--- RECORDED INFORMATION Enclosed Below ---

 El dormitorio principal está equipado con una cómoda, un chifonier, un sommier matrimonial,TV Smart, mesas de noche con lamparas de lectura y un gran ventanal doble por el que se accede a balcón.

--- End of Enclosed RECORDED INFORMATION ---
--- RECORDED INFORMATION Enclosed Below ---

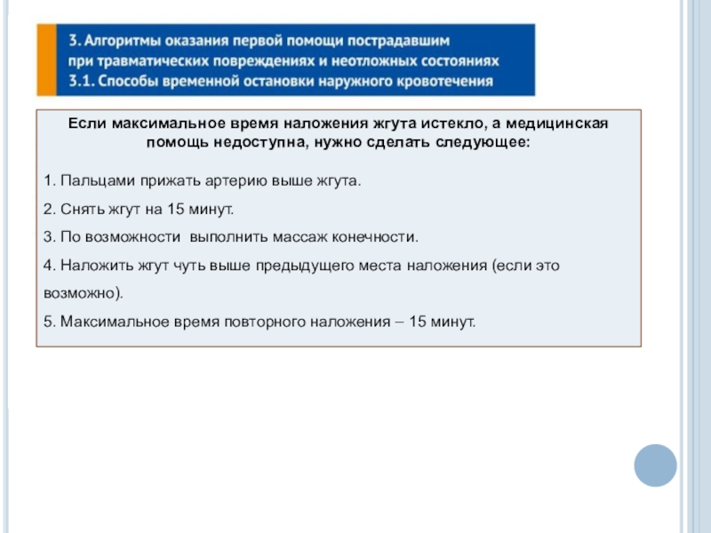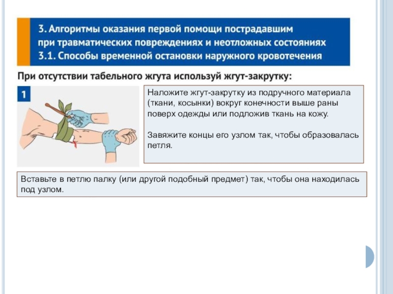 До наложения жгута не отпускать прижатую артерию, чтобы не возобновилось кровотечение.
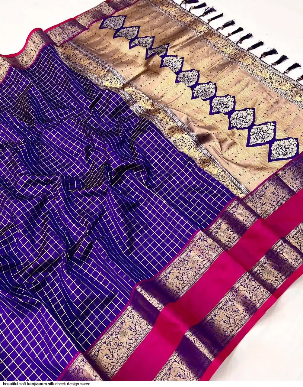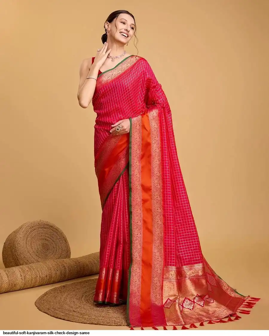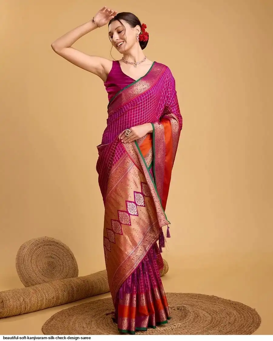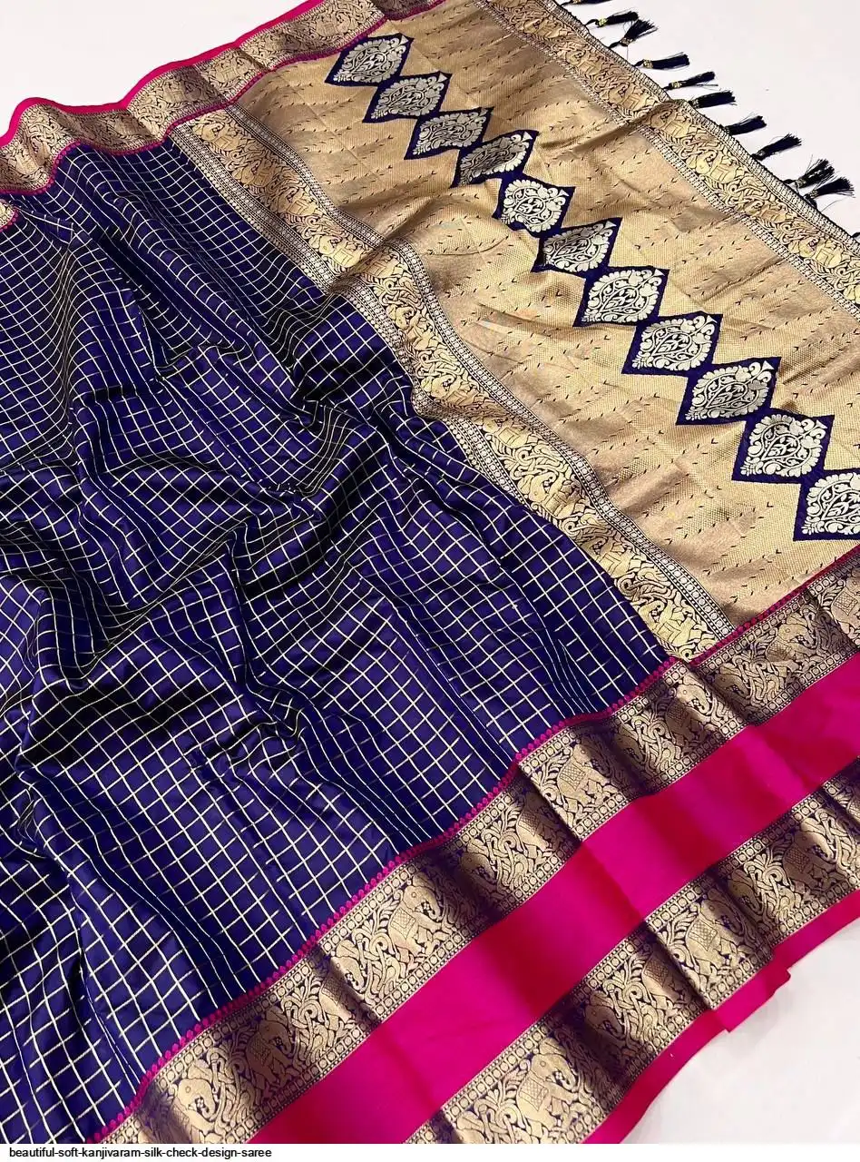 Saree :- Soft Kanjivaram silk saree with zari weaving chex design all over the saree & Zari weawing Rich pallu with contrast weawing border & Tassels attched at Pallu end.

--- End of Enclosed RECORDED INFORMATION ---

THE PROBLEM
Using the data above, give again exactly the lines starting at the one holding "До наложения жгута" and ending at the one holding "Saree :- Soft", inclusive, and nothing more. Omit the pictures.

SOLUTION TO THIS PROBLEM
 До наложения жгута не отпускать прижатую артерию, чтобы не возобновилось кровотечение.
 Saree :- Soft Kanjivaram silk saree with zari weaving chex design all over the saree & Zari weawing Rich pallu with contrast weawing border & Tassels attched at Pallu end.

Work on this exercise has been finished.